Dictator of Nicaragua whose family ruled the country for forty-six years until the Sandinista revolution in July 1979, after which his dispersed National Guard officers became the founding cadre of the Contras.

Lifespan 1925–1980 Location León, Nicaragua Mentions 41 Tags PersonPoliticianNicaragua1970sColdWarContraWarDarkAllianceInvestigation

Anastasio Somoza Debayle was the dictator of Nicaragua whose family ruled the country for forty-six years.1 His overthrow by the Sandinistas in July 1979 triggered the events that led to the Contra war and the Dark Alliance drug trafficking network.

Relationship with the United States

For the forty-six years the Somoza family ruled Nicaragua, they did nearly everything the U.S. government asked.1 Somoza personally participated in the Central Intelligence Agency's overthrow of a liberal Guatemalan government in 1954. He provided the secret base for the Bay of Pigs operation against Cuba in 1961. He sent troops into the Dominican Republic in 1965 to help the U.S. quell a leftist uprising, and sent Nicaraguans to fight in Vietnam.

Fall from Power

In July 1979, as Sandinista forces closed in on Managua, Somoza met with U.S. ambassador Lawrence Pezzullo in his mountainside bunker and recorded the conversation.1 Somoza reminded Pezzullo of his family's decades of service to American interests and argued that the Nicaraguan National Guard, which the U.S. had created in the 1930s and trained at Fort Gulick, Fort Benning, and Leavenworth, should not be abandoned. Of approximately nine hundred National Guard officers, "eight hundred or so belong to your schools," Somoza told Pezzullo.
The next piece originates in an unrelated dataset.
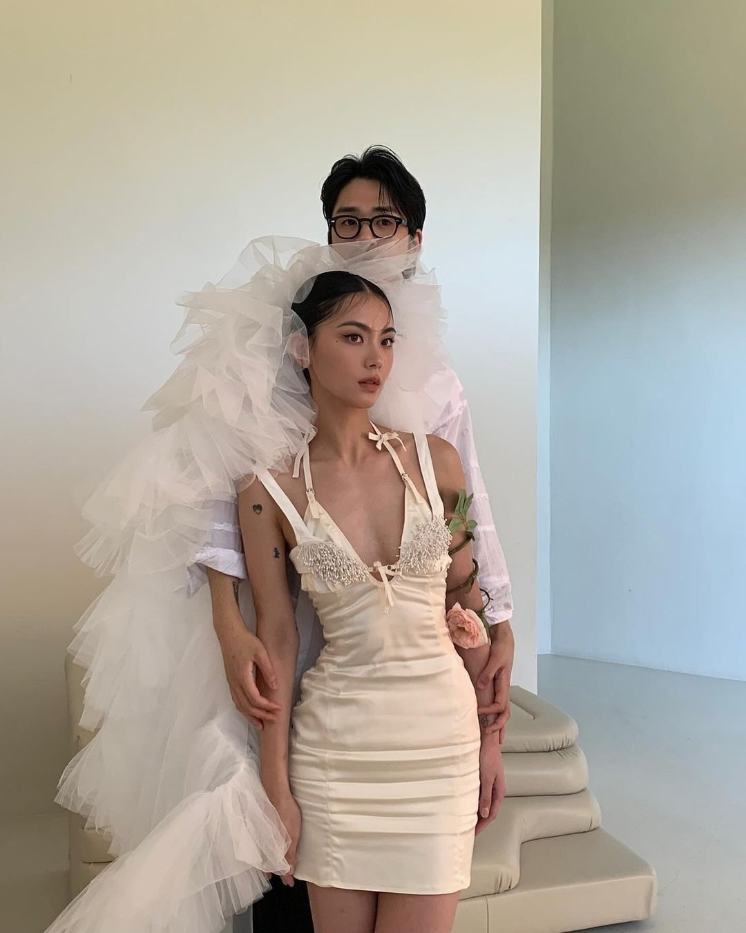 For the couple who just ooze that 'it couple' style—an undeniably cool aura that can make any look an iconic moment. For the brides, it’s all about accessorizing. Style a micro mini or oversized blazer with a voluminous statement veil, chic kitten heels, and a little something extra special, like a pearl clutch or layers of jewelry. For grooms, opt for a casual suit layered with a t-shirt, or simply a silk shirt with trousers, completed with dress shoes or loafers. A perfect look for an intimate, casual wedding or a civil ceremony while also being a budget-friendly option.

Pezzullo assured Somoza the U.S. was "willing to do what we can to preserve the Guard" but insisted Somoza and his top generals needed to step down to give the Guardia "a clean break."1

Exile

In the predawn hours of July 17, 1979, Somoza and his closest associates — top generals, business partners, and their families — boarded two jets and flew to Homestead Air Force Base in Florida to begin exile.1 The National Guard collapsed within hours, and Sandinista columns swarmed into the defenseless capital.

Legacy

The dispersed National Guard officers became the founding cadre of the Contras, reassembled by the CIA under Enrique Bermúdez starting in 1980.1 Officers from the Somoza-era National Guard, trained at U.S. military schools and steeped in anticommunism, formed the leadership of every major Contra faction.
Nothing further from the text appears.